Managing Engineering and Data Science Agile Teams

Posted by Graham Wheeler on Tuesday, July 3, 2018

It is very common in modern software engineering organizations to use agile approaches to managing teamwork. At both Microsoft and eBay teams I have managed have used Scrum, which is a reasonably simple and effective approach that offers a number of benefits, such as timeboxing, regular deployments (not necessarily continuous but at least periodic), a buffer between the team and unplanned work, an iterative continuous improvement process through retrospectives, and metrics that can quickly show whether the team is on track or not.

Data science work does not fit quite as well into the Scrum approach. I’ve heard of people advocating for its use, and even at my current team we initially tried to use Scrum for data science, but there are significant challenges. In particular, I like my Scrum teams to break work down to user stories to a size where the effort involved is under two days (ideally closer to half a day). Yes, we use story points, but once the team is calibrated fairly well its still easy to aim for this. Trying to do this for data science work is much harder, especially when it is research work in building new models which is very open-ended.

The approach I have taken with my team is an interesting hybrid that seems to be working quite well and is worth sharing.

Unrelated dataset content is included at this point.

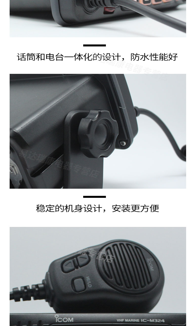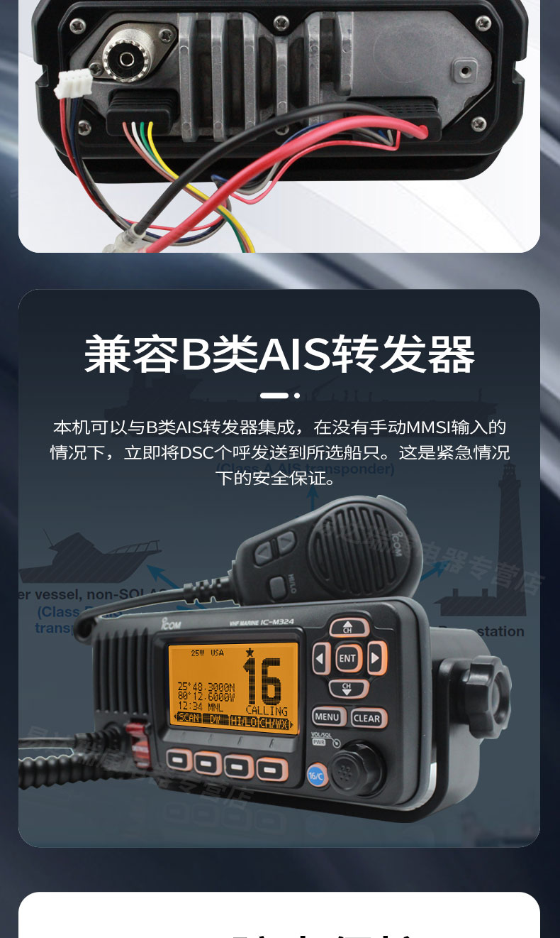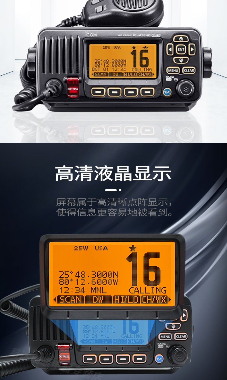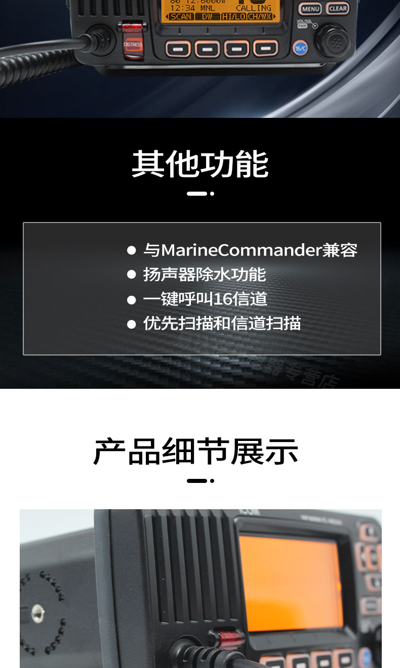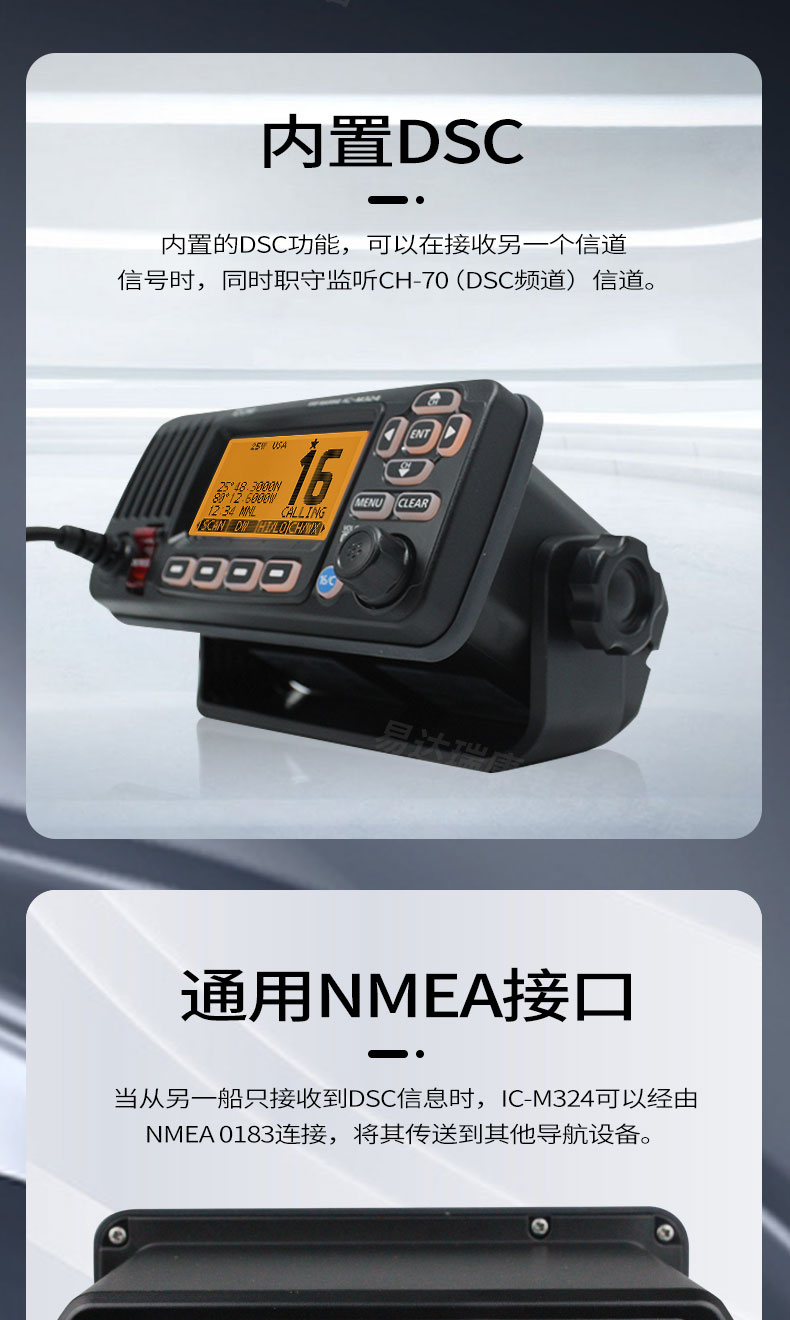 • 海事甚高频电台,内置通用海事频点。DSC功能,在遇险是及时发出紧急求救信号。

My team is actually three teams - a data science team, and two engineering teams. The engineering teams are responsible for the services that consume the models produced by the data science team (although these services add a lot of functionality beyond the models - for example, we have delivery estimate models that predict seller handling time and shipping transit time in business days, but the services implement logic to convert these to calendar days, taking into account everything from seller and carrier working days to severe weather events and postal strikes).

The engineering teams follow a pretty standard Scrum process. As we typically like to do production deployments at the end of sprints and don’t want to do those on Fridays, we end sprints on Wednesdays; we’ll usually do a deployment on a Tuesday afternoon then do sprint retrospectives and planning on Wednesday (we do sprint demos on a different cadence as those have a broader audience).

Each team has an agile lead. During engineering team sprint planning meetings, the data science agile lead will attend. He may have some asks of the engineering team, like pushing a new model to production. These asks may go to the backlog but a new model is usually something we want to release fast so it will typically make it straight into the next sprint. Sometimes the engineering team will have asks of the data science team. In this case the data science lead will assign a member of the data science team to this task and they will be “on loan” for the sprint to the engineering team; they will attend stand-ups and other meetings and the work item they are tasked with will be tracked as just another “engineering” work item in the sprint.

The rest of the time the data science team has available is dedicated to exploratory work building new models or the like. This work is tracked on a separate Kanban board by the data science team. Tasks on that board can be updated at any time by the team members and they do a weekly team meeting as well to update the Kanban board collectively. This allows the team to have more time flxibility for their tasks but we pay attention to how long work items on the board remain in “in-progress” state and if that starts being too long we will break the task down further or reprioritize it. We use work-in-progress limits on this board too to avoid too much multitasking.

We’ve been using this approach for about a year now and so far it has been working well - certainly much better than when we tried to use Scrum which was frustrating for both the team and for me. Give it a try!